TRIBUNE
Claude Alphandéry
Fondateur et président d’honneur du Labo de l’Economie Sociale Solidaire
Claude Alphandéry : 100 ans de résistance au service de la coopération
En cent ans de vie, j’ai vécu deux périodes lourdes d’horreur et de souffrance :
- En 1940, l’effondrement de mon pays, une défaite radicale, un asservissement implacable ;
- Depuis la fin des années 70, des crises successives moins foudroyantes, plus insidieuses, mais tout autant destructrices.
Dans les 2 cas, les maux endurés impulsent des résistances :
- A la fin de la guerre, en 1943-44, les maquis contribuent à la victoire et simultanément à la démocratie sociale par le programme du Conseil National de la Résistance.
- Aujourd’hui, des actions sociales, solidaires et durables réparent ou réduisent les effets délétères d’une économie engagée dans une compétition sans frein vers des profits financiers sans limite. Elles proposent une sortie de crises par un modèle économique plus respectueux de la nature et de l’humain.

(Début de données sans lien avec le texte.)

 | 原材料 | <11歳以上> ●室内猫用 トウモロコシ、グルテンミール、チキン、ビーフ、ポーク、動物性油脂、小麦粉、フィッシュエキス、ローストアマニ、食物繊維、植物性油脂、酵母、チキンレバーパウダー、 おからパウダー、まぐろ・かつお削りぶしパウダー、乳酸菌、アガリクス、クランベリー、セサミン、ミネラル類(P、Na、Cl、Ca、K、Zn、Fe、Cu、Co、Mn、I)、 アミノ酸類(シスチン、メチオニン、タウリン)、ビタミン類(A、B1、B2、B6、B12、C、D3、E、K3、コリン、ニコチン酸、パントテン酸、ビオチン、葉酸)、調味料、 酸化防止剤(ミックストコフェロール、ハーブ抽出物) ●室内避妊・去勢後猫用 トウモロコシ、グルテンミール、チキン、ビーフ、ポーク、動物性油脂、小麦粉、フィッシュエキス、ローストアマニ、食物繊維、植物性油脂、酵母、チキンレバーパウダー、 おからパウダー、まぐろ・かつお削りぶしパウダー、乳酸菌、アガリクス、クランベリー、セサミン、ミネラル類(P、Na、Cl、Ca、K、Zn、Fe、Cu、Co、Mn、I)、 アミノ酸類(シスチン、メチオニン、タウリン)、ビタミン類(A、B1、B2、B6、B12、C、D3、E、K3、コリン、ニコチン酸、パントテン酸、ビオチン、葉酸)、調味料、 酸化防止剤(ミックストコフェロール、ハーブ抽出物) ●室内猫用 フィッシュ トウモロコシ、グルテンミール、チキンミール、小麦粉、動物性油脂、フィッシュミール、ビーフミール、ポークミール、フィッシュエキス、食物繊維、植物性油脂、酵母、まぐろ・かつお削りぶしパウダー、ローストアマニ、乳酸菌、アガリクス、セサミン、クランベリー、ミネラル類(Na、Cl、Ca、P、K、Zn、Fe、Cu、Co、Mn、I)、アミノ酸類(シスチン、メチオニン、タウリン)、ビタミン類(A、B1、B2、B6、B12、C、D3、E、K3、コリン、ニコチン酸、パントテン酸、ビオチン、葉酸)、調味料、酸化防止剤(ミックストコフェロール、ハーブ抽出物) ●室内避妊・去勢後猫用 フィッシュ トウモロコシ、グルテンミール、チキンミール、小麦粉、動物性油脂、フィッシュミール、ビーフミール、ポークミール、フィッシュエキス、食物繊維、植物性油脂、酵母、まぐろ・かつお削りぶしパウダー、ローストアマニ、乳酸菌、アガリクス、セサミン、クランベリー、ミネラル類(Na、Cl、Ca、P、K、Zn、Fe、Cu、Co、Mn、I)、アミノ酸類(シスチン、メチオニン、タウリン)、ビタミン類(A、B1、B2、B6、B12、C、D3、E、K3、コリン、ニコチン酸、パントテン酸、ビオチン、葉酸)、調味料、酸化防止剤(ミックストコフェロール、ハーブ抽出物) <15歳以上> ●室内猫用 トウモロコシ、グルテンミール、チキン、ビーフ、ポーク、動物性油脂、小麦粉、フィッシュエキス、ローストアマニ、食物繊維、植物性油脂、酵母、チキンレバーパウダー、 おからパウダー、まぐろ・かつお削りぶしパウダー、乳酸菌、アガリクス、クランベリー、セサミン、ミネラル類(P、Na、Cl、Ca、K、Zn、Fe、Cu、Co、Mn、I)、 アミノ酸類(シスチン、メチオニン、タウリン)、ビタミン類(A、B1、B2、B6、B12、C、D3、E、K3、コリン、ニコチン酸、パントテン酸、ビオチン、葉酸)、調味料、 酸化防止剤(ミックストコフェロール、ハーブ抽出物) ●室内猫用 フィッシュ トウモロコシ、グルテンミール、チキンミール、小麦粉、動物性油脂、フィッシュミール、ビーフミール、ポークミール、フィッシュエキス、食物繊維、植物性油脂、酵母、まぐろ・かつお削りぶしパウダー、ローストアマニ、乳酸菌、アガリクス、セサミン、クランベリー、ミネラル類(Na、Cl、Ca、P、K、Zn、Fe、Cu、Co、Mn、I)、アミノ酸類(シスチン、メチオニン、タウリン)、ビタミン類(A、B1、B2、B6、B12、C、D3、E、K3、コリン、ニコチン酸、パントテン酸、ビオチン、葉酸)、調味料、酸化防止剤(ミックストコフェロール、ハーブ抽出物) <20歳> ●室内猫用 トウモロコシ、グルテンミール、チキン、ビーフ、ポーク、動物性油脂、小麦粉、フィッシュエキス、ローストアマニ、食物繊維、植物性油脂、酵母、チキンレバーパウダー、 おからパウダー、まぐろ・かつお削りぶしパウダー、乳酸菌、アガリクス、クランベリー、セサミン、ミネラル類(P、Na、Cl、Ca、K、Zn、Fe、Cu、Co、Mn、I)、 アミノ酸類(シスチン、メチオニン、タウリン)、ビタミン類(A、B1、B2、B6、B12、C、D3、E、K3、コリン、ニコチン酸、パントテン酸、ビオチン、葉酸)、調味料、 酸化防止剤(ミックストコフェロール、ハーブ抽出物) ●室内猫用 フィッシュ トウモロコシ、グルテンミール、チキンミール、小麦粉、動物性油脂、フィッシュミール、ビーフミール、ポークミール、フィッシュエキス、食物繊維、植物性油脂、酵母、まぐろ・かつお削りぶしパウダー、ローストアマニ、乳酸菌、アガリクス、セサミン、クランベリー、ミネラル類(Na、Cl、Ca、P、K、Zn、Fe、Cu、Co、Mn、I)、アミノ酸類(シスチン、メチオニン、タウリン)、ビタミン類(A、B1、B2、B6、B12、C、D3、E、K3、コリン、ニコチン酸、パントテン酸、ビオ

Les entreprises engagées dans cette nouvelle résistance se multiplient, mais sont encore trop fragmentées pour créer un mouvement puissant et mobiliser l’opinion vers une économie alternative. Certaines initiatives vont néanmoins plus loin : des entrepreneurs s’engagent peu à peu dans des expériences de coopération élargie et complexe. Ils nouent des projets communs autour d’activités généralement distinctes, forment des partenariats inattendus, créent des circuits d’échange inhabituels, et ainsi renouvellent radicalement leur mode de production.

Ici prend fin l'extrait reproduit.